For many over-burdened engineers and developers, security becomes just another item on an already long list of challenges bogging down projects. In many cases, engineers opt to jettison security requirements in favor of time to market. Not surprisingly, the result is a host of new devices hitting the market with inadequate security. For example, there are medical devices with hard-coded passwords, home routers with exploitable backdoors, and critical infrastructure controllers with a host of security vulnerabilities.
Security, however, does not need to be an overwhelming challenge for IoT engineers. By including a few basic security capabilities, IoT developers can ensure devices have essential security protection while also establishing a strong security foundation for adding security features down the road.
Device Identity in IoT security
Device identity plays two critical roles in the security of IoT devices and networks. First, device identity protects against the introduction of counterfeit devices into the network. Second, it enables strong authentication, a cornerstone of secure communication.

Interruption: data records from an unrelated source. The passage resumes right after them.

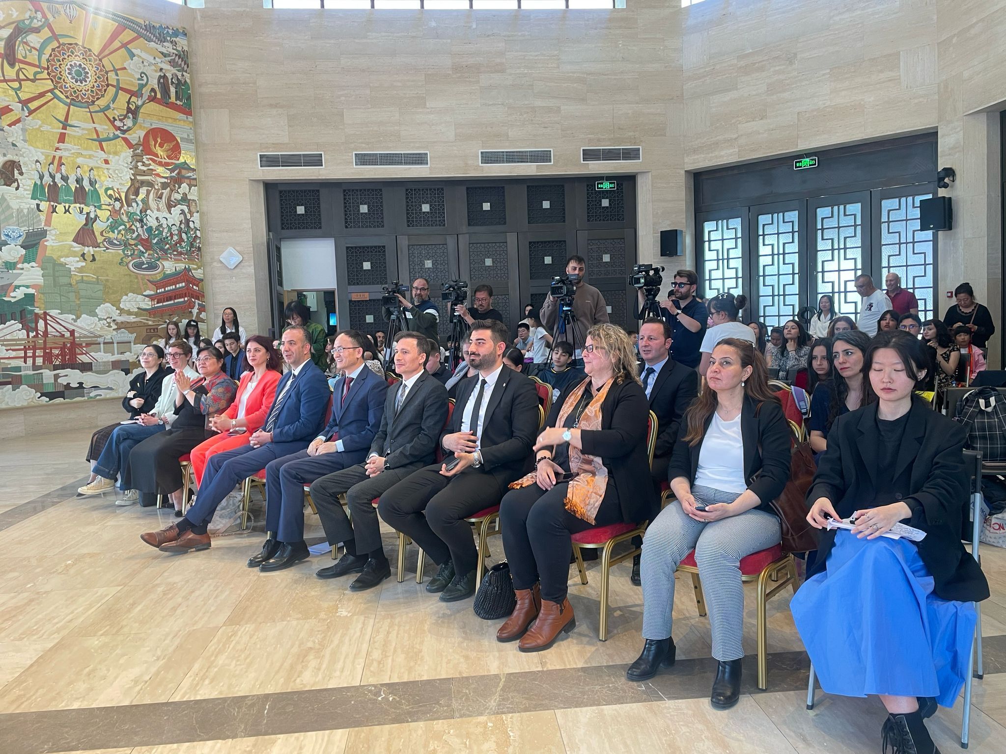 Büyükelçisi Jiang Xuebin, “2010 yılında Birleşmiş Milletler 20 Nisanı ‘Birleşmiş Milletler Çin Dili Günü’ olarak belirlemiştir. Dil, bir ülkeyi anlamanın anahtarıdır. Çinin hızlı gelişimi ve küreselleşmenin derinleşmesiyle birlikte, Çince öğrenme talebi dünya çapında giderek artmaktadır. Şu anda 190dan fazla ülke ve bölge Çince dil programları oluşturmuş ve 85 ülke Çinceyi ulusal eğitim sistemlerine dahil etmiştir. Şu anda 30 milyondan fazla insan yurtdışında Çince öğrenmektedir. ‘Uluslararası Çince Dil Günü’nün bu yılki teması ‘Çince: Zamanı ve Mekânı Aşan Bir Hediye’ olarak belirlenerek Çincenin sadece zamanı aşan, tarih ile bugünü birbirine bağlayan bir köprü değil, aynı zamanda Çini dünyaya bağlayan, mekânı aşan bir köprü olduğu bir kez daha teyit edilmiştir. Bugün Türkiyede pek çok insanın, özellikle de gençlerin Çince öğrendiğini ve Çin kültürüne karşı derin bir sevgi beslediğini görmekten büyük memnuniyet duyuyorum. Çinceyi gayretli bir şekilde öğrenmeniz, Çin kaligrafisi, savaş sanatları, klasik şiir ve Çin kültürünün diğer yönlerini geniş bir şekilde araştırmanız ve ‘Uluslararası Çin Dili Günü’ ve ‘Mutlu Bahar Festivali’ gibi etkinliklere aktif katılımınız, Çin ile Türkiye arasındaki karşılıklı anlayış, kültürel değişim ve dostane ilişkilerin geliştirilmesinde önemli ve olumlu bir rol oynamıştır” dedi.
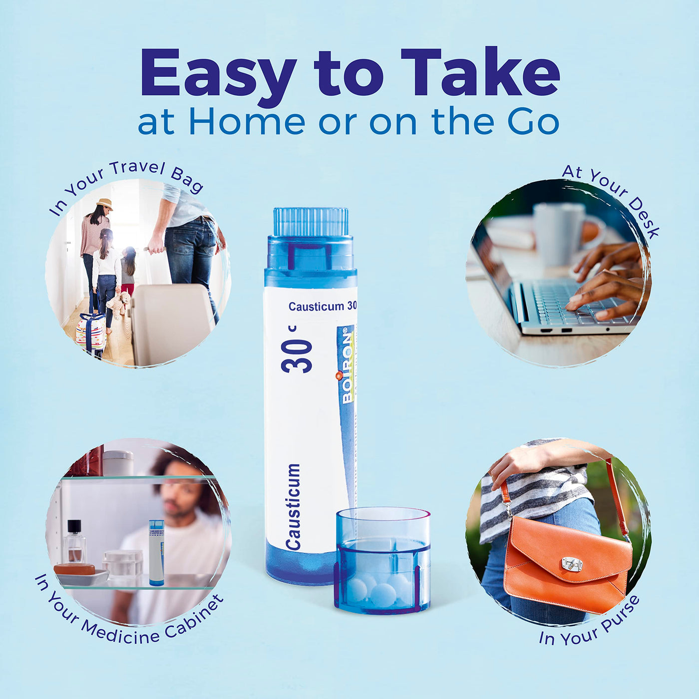 Customize your care with Boiron single medicines for highly targeted relief. Causticum is a homeopathic medicine that reduces occasional bladder leaks from coughing, laughing, sneezing, or exercise. It will not interact with other medications, herbs, or supplements. The meltaway pellets dissolve in the mouth without water and come in easy dispensing tubes to take on the go. Causticum is recommended for use by adults 18 years of age or older. The Causticum Bonus Pack includes three tubes of Causticum 30C pellets for the price of two, with a total of 48 doses. Made using the highest quality ingredients and sustainable practices, this medicine has no artificial sweeteners, flavors, colors, or preservatives. Boiron’s personal care line also includes Cyclease® Cramps for period pain, Cyclease PMS Relief, Cyclease Menopause, and YeastCalmTM for yeast infection relief. Claims based on traditional homeopathic practice, not accepted medical evidence. Not FDA evaluated.
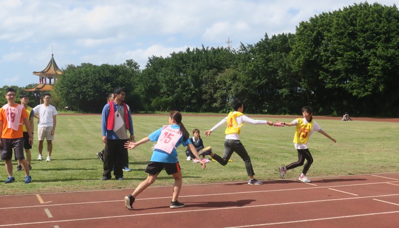 The Sports Day is organized by the different churches and organizations in turn; this year it was the turn of Taiwan Christian Service 台灣基督教福利會, and they asked to hold the event here at St. John’s University. Taiwan Christian Service is a relief agency, founded in 1954 by the Church World Service and Lutheran World Relief. The short sermon at the opening service of the Sports Day was given by Rev. Liu Ren-Hai of the Lutheran Church, who is also chair of Taiwan Christian Service.

Protecting against counterfeits. Ensuring the authenticity of devices in an IoT network is paramount to the security of the overall IoT system. Rogue and counterfeit devices pose a serious threat to its operation.
Furthermore, counterfeiting electronic products is big business and these knockoff devices hurt the bottom line for OEMs. Counterfeiters will duplicate a device with shoddy materials and get it on the market by using a copy of the original manufacturer’s logo, as well as copies of certification-agency logos. OEM suffers loss in sales as well as damage to their reputations if counterfeit devices fail in the field. Outright counterfeiter production is not the only risk; there is also risk of overproduction from untrusted manufacturing facilities.

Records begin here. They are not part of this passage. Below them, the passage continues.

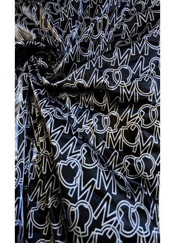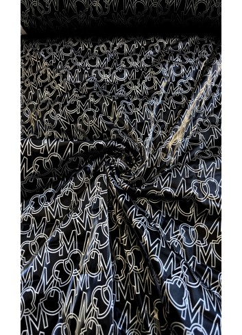 Pevnější italská látka plášťovka v černé barvě s vetkávaným monogramem ve stylu módní značky ARMANI. Materiál skvěle drží tvar, téměř se nekrčí a má tendenci se vyrovnat. Italská kvalita, voděodolná, super gramáž, vyrobeno pro značku ARMANI.
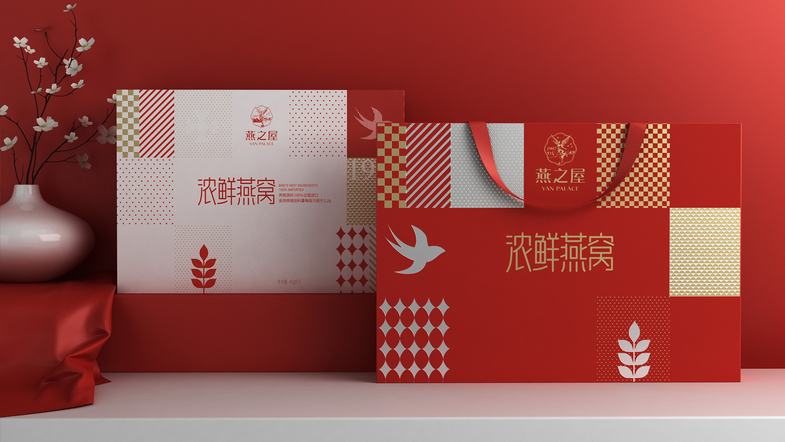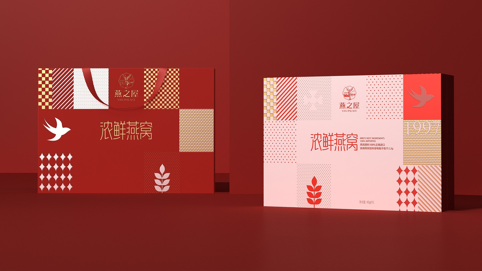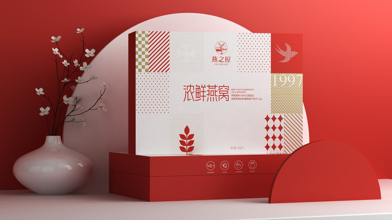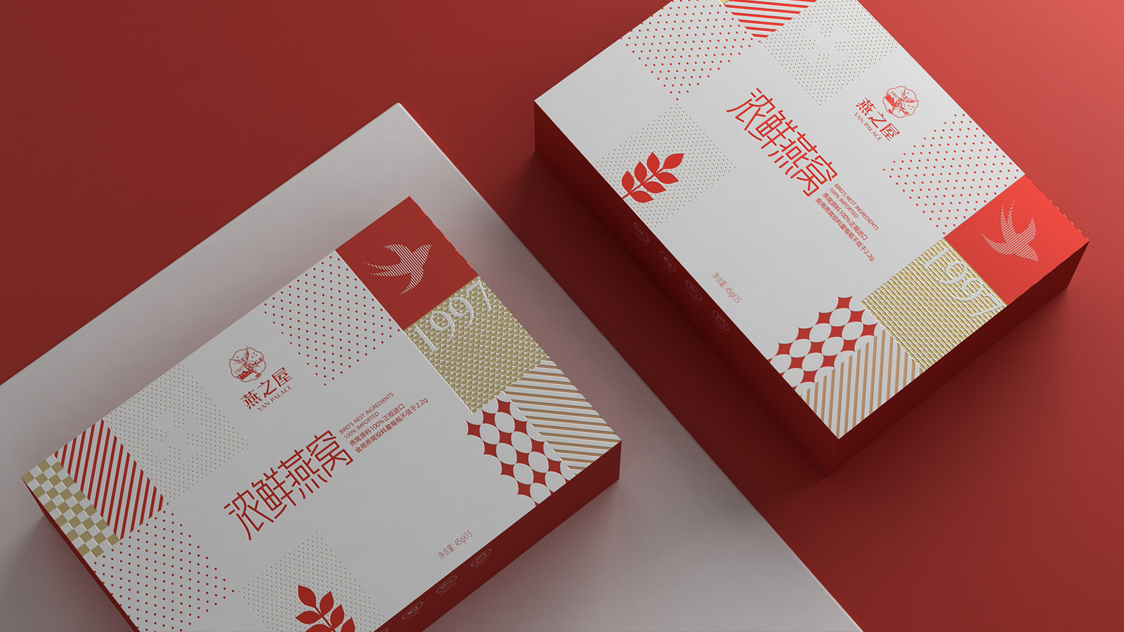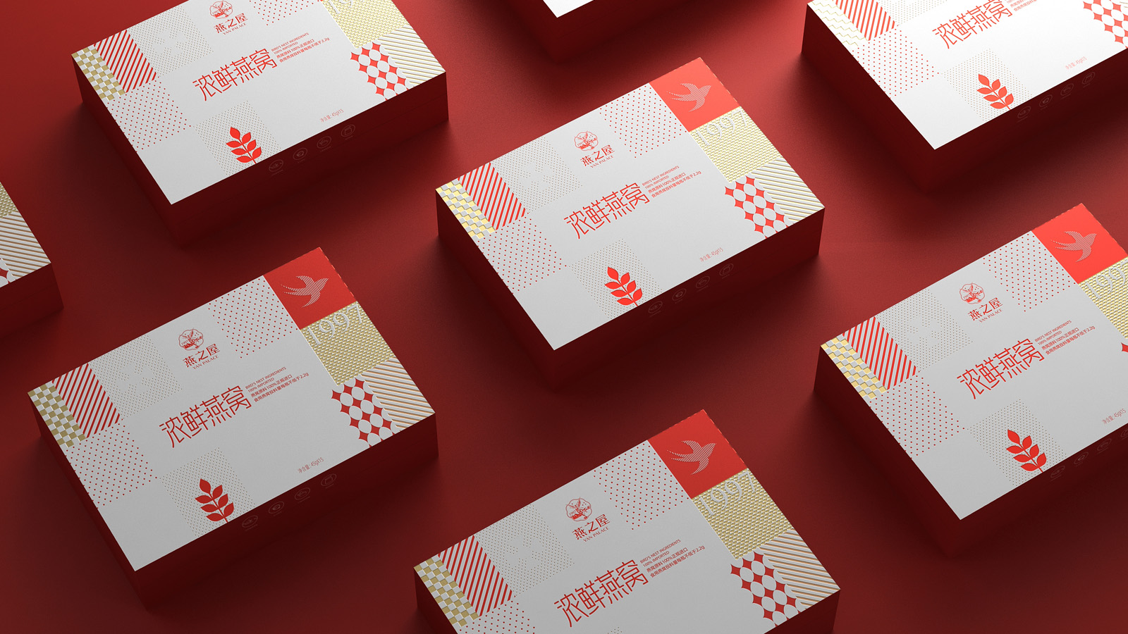 畫面的中的燕子代表著產(chǎn)品屬性,1997是燕之屋的成立時間,表達了燕之屋在燕窩領域行業(yè)已經(jīng)深耕了23年,經(jīng)典的波點,方格是對燕之屋的印象具象化表現(xiàn),主要是為了烘托氛圍感,葉子代表著無添加,純天然,表達了燕之屋用心做產(chǎn)品的匠心精神。
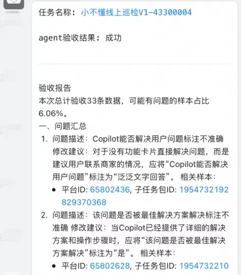 人审验收过去也是评测流程中非常耗时耗精力的一个环节。而当前,对于配置了评测agent的任务,只要打开预验收,就可以在人审标注后自动获得一份预验收报告,根据报告内容进行review即可。
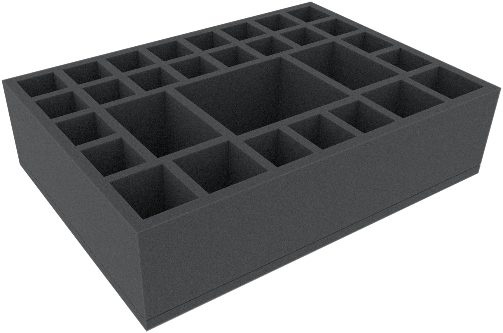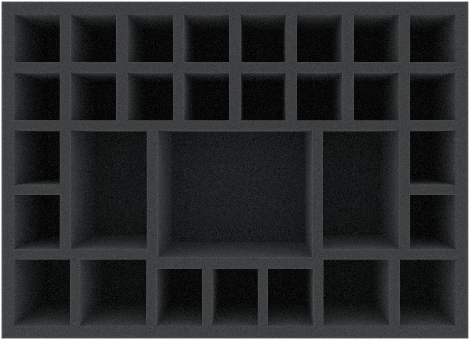 This 90 mm high Feldherr foam insert offers you 30 custom-fit compartments for the safe storage and transport of miniatures from various board game and tabletop systems. Your models remain neatly sorted and reliably protected.

Beyond damage to revenues and brand reputation, counterfeit devices also pose a security risk. If a device is not genuine, its behavior is unknown. Fraudsters may build and sell counterfeited devices simply for money. But they may also develop counterfeit devices with nefarious intents. The device could be designed to steal data, interrupt operations of a critical system causing physical harm, or remotely disable a system as part of a ransomware attack.

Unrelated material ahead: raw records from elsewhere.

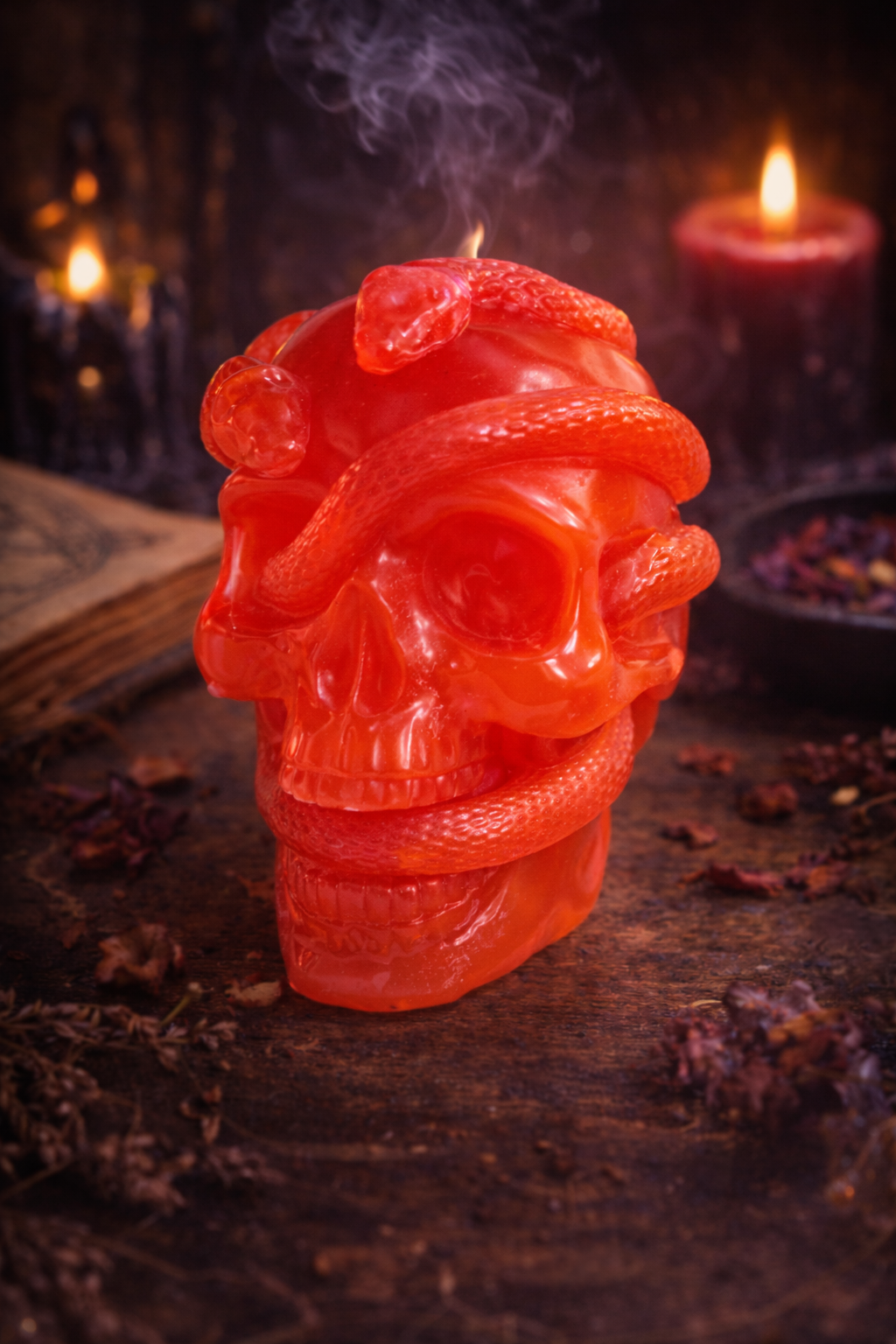 Silmatorkav punane kolju, mille ümber põimub madu. Detailirohke käsitöö ja läikiv viimistlus annavad sellele unikaalse ja pilkupüüdva välimuse. Sobib suurepäraselt alternatiivse sisustuselemendina või kingituseks neile, kes hindavad gooti ja müstilist stiili.
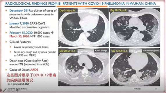 这些图片展示了COVID-19患者的疾病进展情况,显示了肺部炎症的进展情况。即使病毒载量很低而无法检测出来,但是一旦细胞因子风暴开始,就很难被控制,最终引发多个器官的衰竭。
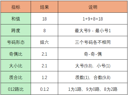 第2025334期开奖号码为 1, 9, 8。具体指标分析如下:
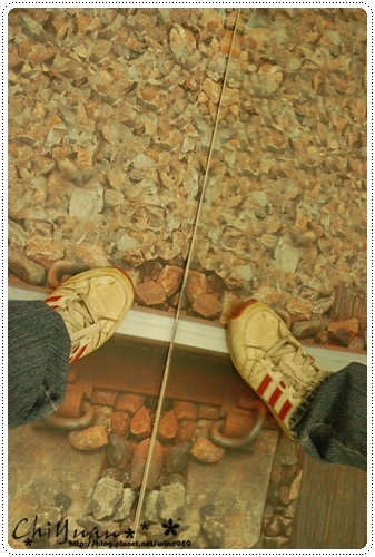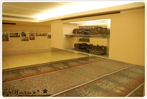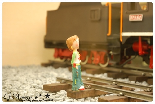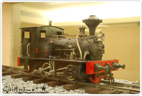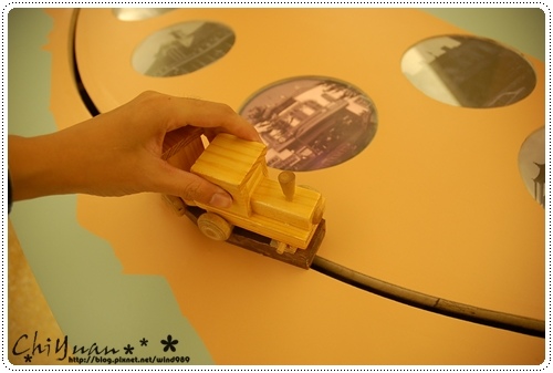 除了可遠觀不可褻玩焉的火車模型,在一旁有個木造的玩具火車,可就親近多了,明明正是小孩子玩具箱中不可缺少的一份子。(原本奇緣想推動一下,但發現好像動不了,也不太敢在博物館內大動手腳,所以就輕輕的擺個pose。)

If the device is not genuine, manufacturers and end users don’t know what it is doing and are not even aware it cannot be trusted. Properly implemented device identity solves this problem.
Secure authenticated communication. Communications using secure protocols is a fundamental requirement for protecting the IoT. Security protocols ensure data and commands exchanged are encrypted and cannot be intercepted, spoofed, or manipulated. These protocols use strong authentication to protect against control commands sent to IoT devices from unauthorized devices. But communications are only secure if you know who you are communicating with.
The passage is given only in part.